Non-trivial symmetries in quantum landscapes and their resilience to quantum noise (2011.08763v3)

Abstract: Very little is known about the cost landscape for parametrized Quantum Circuits (PQCs). Nevertheless, PQCs are employed in Quantum Neural Networks and Variational Quantum Algorithms, which may allow for near-term quantum advantage. Such applications require good optimizers to train PQCs. Recent works have focused on quantum-aware optimizers specifically tailored for PQCs. However, ignorance of the cost landscape could hinder progress towards such optimizers. In this work, we analytically prove two results for PQCs: (1) We find an exponentially large symmetry in PQCs, yielding an exponentially large degeneracy of the minima in the cost landscape.
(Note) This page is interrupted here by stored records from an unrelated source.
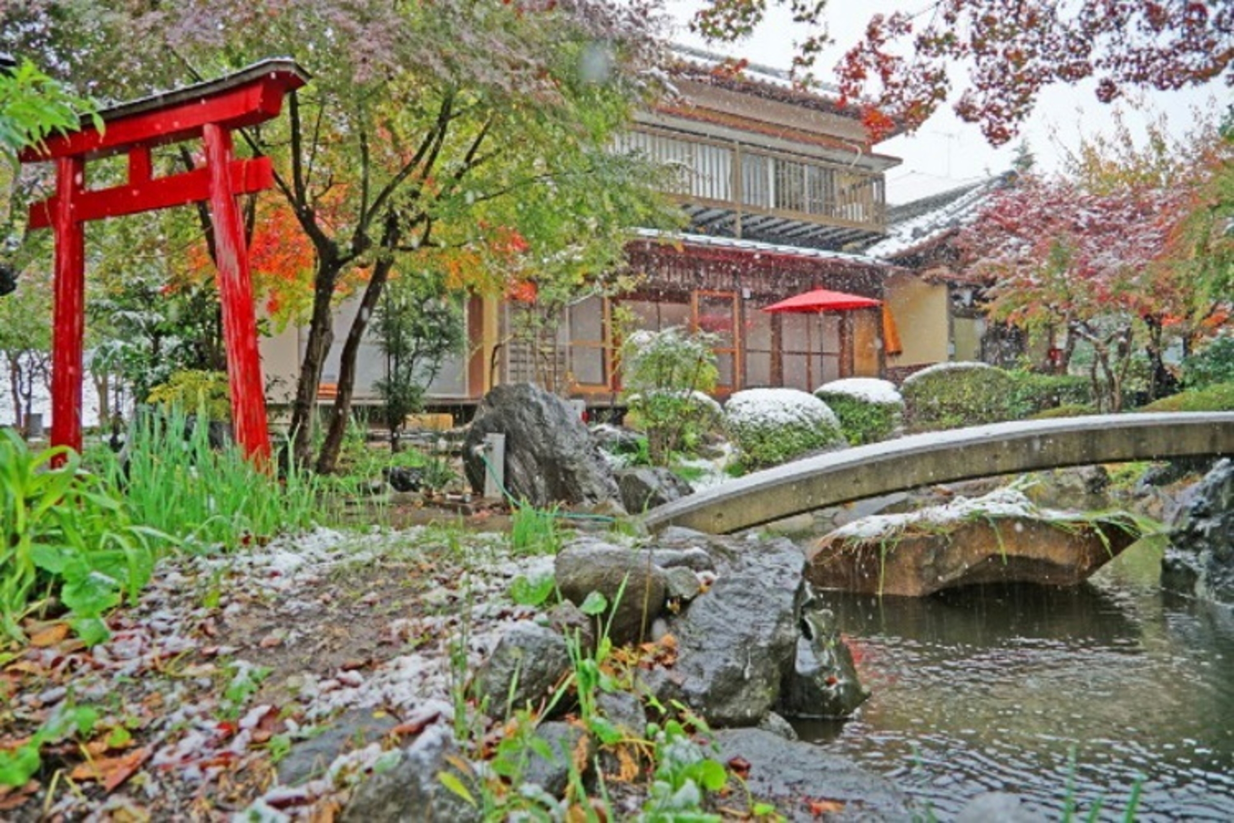 ドラマやCM、雑誌の撮影などでも多く使われている同施設。石橋、池、鳥居など広大な日本庭園が特徴で、昭和の時代を彷彿とさせる内装も含め和装に相応しい撮影スポットも多い。
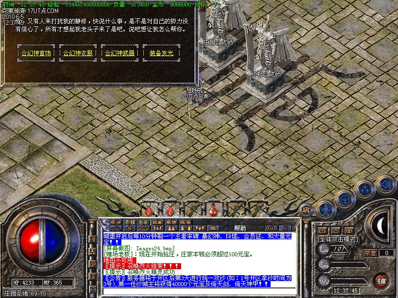 11、更新会员系统,会员打命令[@服务] 会员享受:①可直接传至地图深处 ②会员专用练级地图,升级超快!!
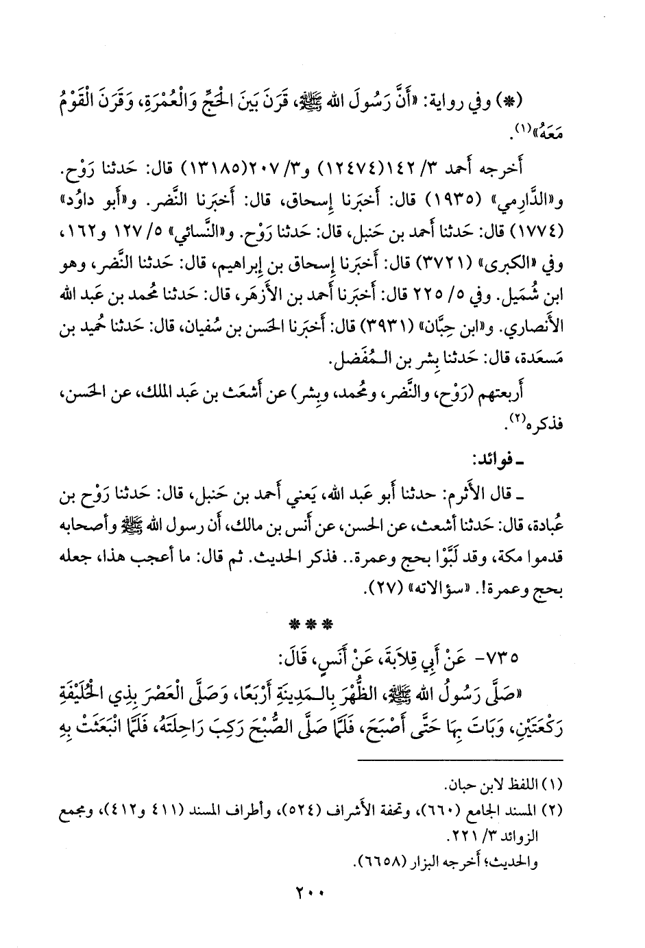 - قال الأَثرم: حدثنا أَبو عبد الله، يعني أَحمد بن حنبل، قال: حدثنا رَوح بن عُبادة، قال: حدثنا أَشعث، عن الحسن، عن أَنس بن مالك، أَن رسول الله صَلى الله عَليه وسَلم وأَصحابه قدموا مكة، وقد لبوا بحج وعمرة .. فذكر الحديث. ثم قال: ما أَعجب هذا، جعله بحج وعمرة!. «سؤالاته» (٢٧).
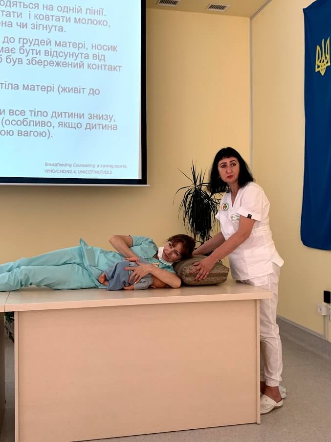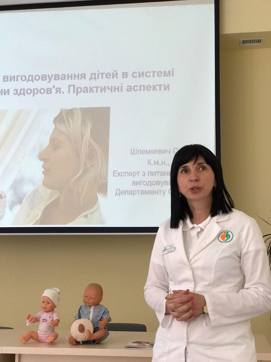 Ольга Шлемкевич, кандидат медичних наук, лікар-неонатолог Центру звернула увагу присутніх на аспектах грудного вигодовування, а саме на особливостях раннього прикладання до грудей та контакту шкірі-до-шкіри. Учасники мали змогу пройти майстер-клас на муляжах ляльок та молочної залози.
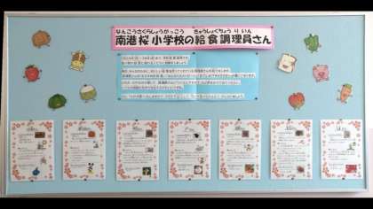 学校給食週間にあわせ、本校では1月24日から28日までを給食週間として食育の取り組みをしました。給食の歴史について考えたり、食べ物や給食にかかわる全ての人に感謝したりしてすごしました。
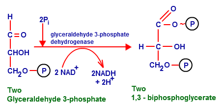 Step 6: glyceraldehyde-3-phosphate (G3P) is converted to 1,3-diphosphoglycerate (1,3-DPG) by glyceraldehyde-3-phosphate dehydrogenase, which uses NAD+ to oxidize the C1 position and adds a phosphate from Pi.

Alternatively, this can be cast as an exponential reduction in the volume of relevant hyperparameter space. (2) We study the resilience of the symmetries under noise, and show that while it is conserved under unital noise, non-unital channels can break these symmetries and lift the degeneracy of minima, leading to multiple new local minima. Based on these results, we introduce an optimization method called Symmetry-based Minima Hopping (SYMH), which exploits the underlying symmetries in PQCs. Our numerical simulations show that SYMH improves the overall optimizer performance in the presence of non-unital noise at a level comparable to current hardware. Overall, this work derives large-scale circuit symmetries from local gate transformations, and uses them to construct a noise-aware optimization method.